Дальний (даже не седьмая вода на киселе, а где-то двадцатая) родственник Вожина, состоящий при нем кем-то вроде денщика и помощника разом, на мгновение запнулся. Поднял было руку, почесать в затылке, но все же вспомнил нужное слово:
– Граборы[10], вот!
– Ну так давай их сюда.
Минут через пять в небольшой комнатушке, используемой Савватеем под контору (скорей бы уже закончили отделывать его новый дом!), стало очень тесно: сразу трое старшин артелей землекопов пришли получить честно заработанную деньгу.
– Наше почтение Савватею Елпифидорычу!
– И вам того же, уважаемые. Митяй, ну-ка живенько сообрази там, чего надо!..
Граборская старши́на без лишнего жеманства приняла на грудь по стопке крепкой и духовитой рябиновки. Довольно крякнула, после чего двое дружно захрустели малосольными огурчиками, а третий, с некоторым сомнением понюхав упругую пупырчатую закуску, все же решил не портить послевкусие от столь божественного напитка.
– Мирон Иваныч. Прошу, с моей благодарностью.
Грубые мозолистые пальцы землекопа, с намертво въевшейся черной каемкой под толстыми ногтями, бережно приняли тоненькую стопку десятирублевых банкнот. Взвесили, положили на стол и с удивительной ловкостью пересчитали.
– Благодарствуем, хозяин.
– Фома Ильич, прошу, с моей особой благодарностью.
Процедура взвешивания и пересчета денег повторилась от и до, вот только на этот раз пара красненьких бумажек так и осталась лежать на столе:
– Ошибка вышла, хозяин. Мы люди честные, нам чужого не надобно…
– Так я же сказал, Фома Ильич, – с особой благодарностью, так что ты уж меня не обижай, прими.
Разумеется, обижать работодателя не стали.
– Ну и Зосим Иванович. Прошу.
Последняя пачка десяток даже на вид была заметно тоньше своих предыдущих «товарок». Да и принимать ее третий артельный как-то не спешил, покашливая и покряхтывая в сомнениях да раздумьях. Впрочем, их быстро развеяли:
– Как сделаете все, на что уговаривались, так и остальное получите.
Старши́на переглянулась и удивительно дружно огладила свои густые бороды – возразить было нечего (да и не хотелось по большому-то счету). Обсудив пожелания заказчика на следующий год и заполировав достигнутое согласие новой порцией рябиновки, жилистые граборы степенно попрощались и ушли радовать своих подчиненных. Причем как честно заработанными деньгами, так и известиями о том, что на ближайшие года два-три (а то и более) без заказов они не останутся.
– Митяй!
Только было хотел почтенный негоциант славного города Вологды распорядиться о том, чтобы закладывали бричку – как минимум час в день он посвящал инспекции губернского перерабатывающего центра, здания и лабазы которого росли прямо на глазах (уступая в этом только стенам будущего Большого Вологодского пассажа), как к нему пожаловал очередной посетитель. Или проситель – это уж с какой стороны поглядеть…

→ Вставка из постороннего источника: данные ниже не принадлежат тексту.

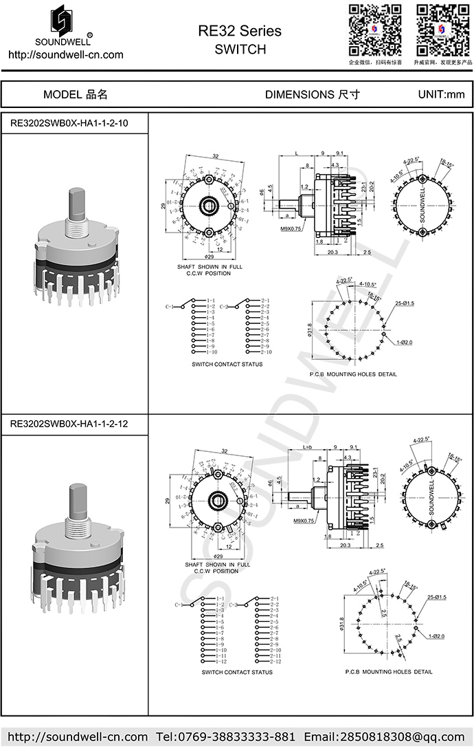 | 主要规格: | 额定功率:DC 30V 0.3A; 接触电阻:50mΩ Max ; 定位点数:2~12 个; 工作温度:-10℃~70℃; 旋转寿命:10,000次以上; |
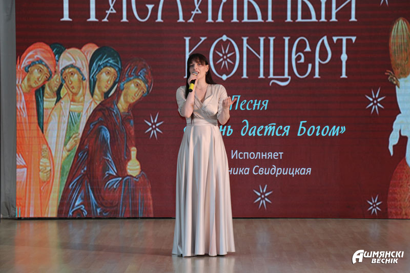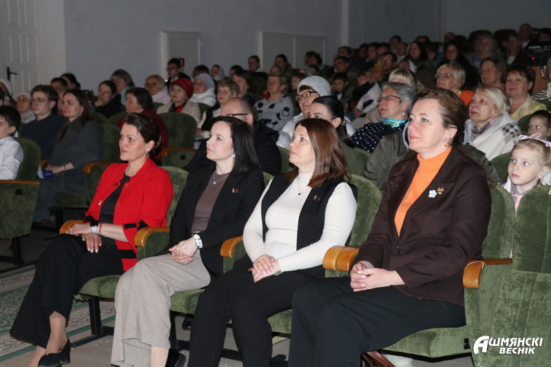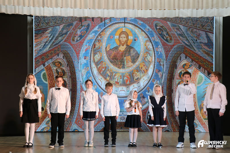 Программу торжественного концерта открыло выступление образцового хора «Созвучие» Ошмянской детской школы искусств под руководством Анны Буйко. Прозвучали вокальные номера в исполнении работников культуры Татьяны Черской и Светланы Ганусевич, Вероники Свидрицкой, Марины Познанской, юной вокалистки из СШ № 1 им. М.М. Гружевского Валерии Липницкой. Прозвучал дуэт скрипачей Ирины Осмольской и Татьяны Черской. Танцевальные композиции подарили участницы образцового театра танца «Эффект» СШ № 1 им. М.М. Гружевского, студии танца и фитнеса «Диана». До слез тронули зрителей яркие выступления чтецов Ульяны Яковлевой, Валентины Воронович, Ольги Семенюк. Завершилось мероприятие выступлением воспитанников воскресной школы прихода храма Воскресения Христова.
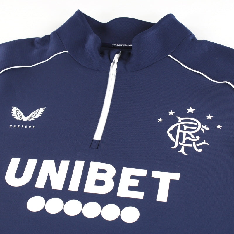 Details - 1/4 zip training top as worn when Rangers finished as champions of the Scottish Premiership for the first time for a decade, preventing Celtic from becoming the first club in Scottish Football history to win 10 consecutive league titles.
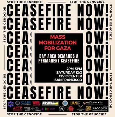 Join us Tuesday, December 5th at 2PM at San Francisco City Hall and call on the Board of Supervisors to support a permanent ceasefire!
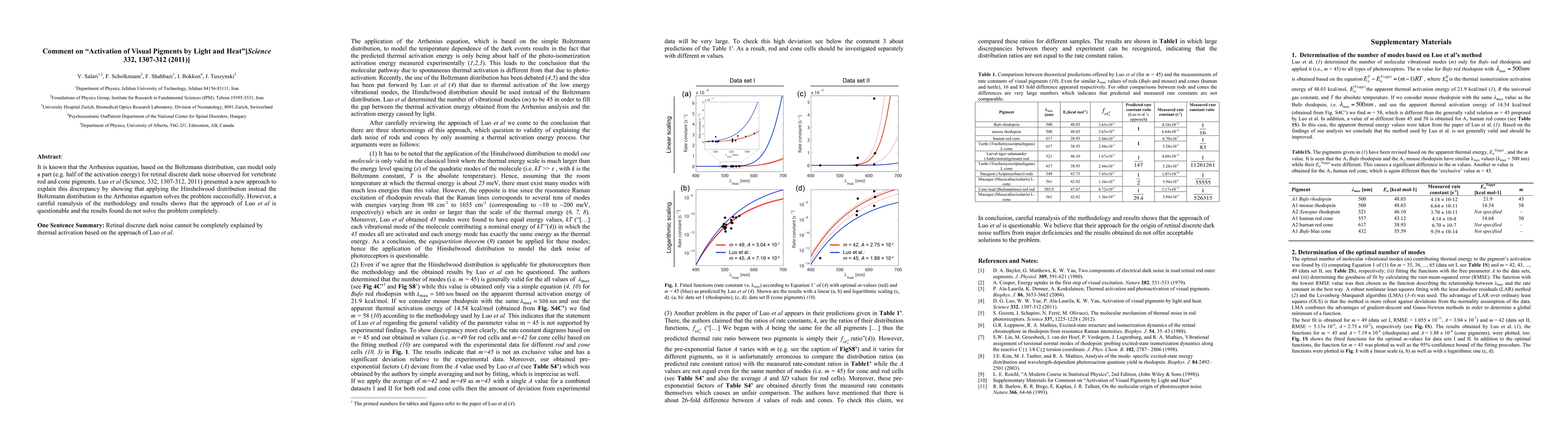It is known that the Arrhenius equation, based on the Boltzmann distribution, can model only a part (e.g. half of the activation energy) for retinal discrete dark noise observed for vertebrate rod and cone pigments. Luo et al (Science, 332, 1307-312, 2011) presented a new approach to explain this discrepancy by showing that applying the Hinshelwood distribution instead the Boltzmann distribution in the Arrhenius equation solves the problem successfully. However, a careful reanalysis of the methodology and results shows that the approach of Luo et al is questionable and the results found do not solve the problem completely.

– Кормилец, как же так? За какие такие грехи ты нас так сурово наказываешь?
– А помнишь ли ты, Евласий, что есть время разбрасывать камни, а есть время их собирать?
Старший маслодел четвертой бригады от такой встречи невольно подался назад, а потом и вовсе перекрестился:
– В церкви поп… говорил. А что?
– Согласен ты с тем, что любая работа должна быть оплачена?..
– Как же! Это да, согласные мы. Во всем.